Under-18s get free entry to all permanent collections at French national museums, including the Louvre, Musée d'Orsay, and Versailles (temporary exhibitions may charge). That alone removes a significant budget pressure. Parks are well-maintained and often have dedicated children's zones with carousels, puppet theatres, and sandpits that cost just a few euros. Crêpe stands are everywhere and are universally acceptable as emergency child-feeding stations.

ℹ️ Good to know

Free museum entry applies to all under-18s regardless of nationality at French national museums. EU residents aged 18-25 also get free entry. Bring proof of age for teenagers who might be questioned at the door.
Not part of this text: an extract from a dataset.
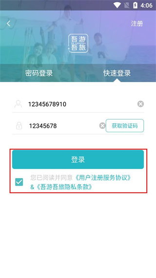 4、勾选用户注册服务协议及隐私条款后,点击页面中的登录按钮,完成登录操作。

That said, Paris rewards planning more than most cities when you're travelling with children. The Metro's lack of step-free access on older lines is a genuine obstacle with a pram. Crowds at the Eiffel Tower and the Louvre are legitimately overwhelming in peak summer without a strategy. And restaurant service can be slow by international standards, which tests patience at the end of a long day. None of these are dealbreakers; they're just variables to manage.

Best Parks and Outdoor Spaces for Kids

Bright, lively scene of Paris’s Tuileries Garden with a large Ferris wheel, pond, classic buildings, and children and families enjoying the outdoors.
Photo Zeynep Aytekin

Paris's formal gardens are a core part of the family experience, and they punch well above their weight compared to city parks in most European capitals.

  • Jardin du Luxembourg (6th arrondissement) The top family park in Paris, full stop. Renting a small wooden sailboat for the octagonal pond costs around €3.50 for 30 minutes. There's a puppet theatre (Théâtre du Luxembourg) running traditional Guignol shows on weekends and school holidays, pony rides on Wednesday and weekend afternoons, a large adventure playground (payable, around €3), and an antique carousel. The orchard and beehives are quieter corners worth exploring with older kids.
  • Jardin des Tuileries (1st arrondissement) The long central pond with its own rental boats is the main draw for small children. The garden connects the Louvre to Place de la Concorde, so it's easy to weave into a museum day. In summer, a funfair sets up along the rue de Rivoli edge with rides and games.
  • Jardin des Plantes (5th arrondissement) Home to the Ménagerie zoo (one of the oldest in the world, entry around €15 for adults, €12 for children), the Grande Galerie de l'Évolution with its stunning parade of taxidermied wildlife, and a small carousel. A solid half-day or full-day destination for animal-obsessed children.
  • Place des Vosges (4th arrondissement) The arcaded square in Le Marais has a small playground in the central garden with sandpits, a slide, and enough space to kick a ball. It's low-key compared to the major parks, but ideal if you're exploring the Marais neighbourhood.
  • Parc des Buttes-Chaumont (19th arrondissement) A dramatic, hilly park with a lake, suspension bridges, a puppet theatre, and one of Paris's best playgrounds near the southern entrance. Less touristy than Luxembourg but entirely worth the Métro ride for families staying multiple nights.

💡 Local tip

Most Paris parks with paid playgrounds or attractions only accept cash on site. Bring €10-15 in small notes and coins if you're visiting the Luxembourg playground, pony rides, or puppet theatres. Card readers are increasingly common but not universal.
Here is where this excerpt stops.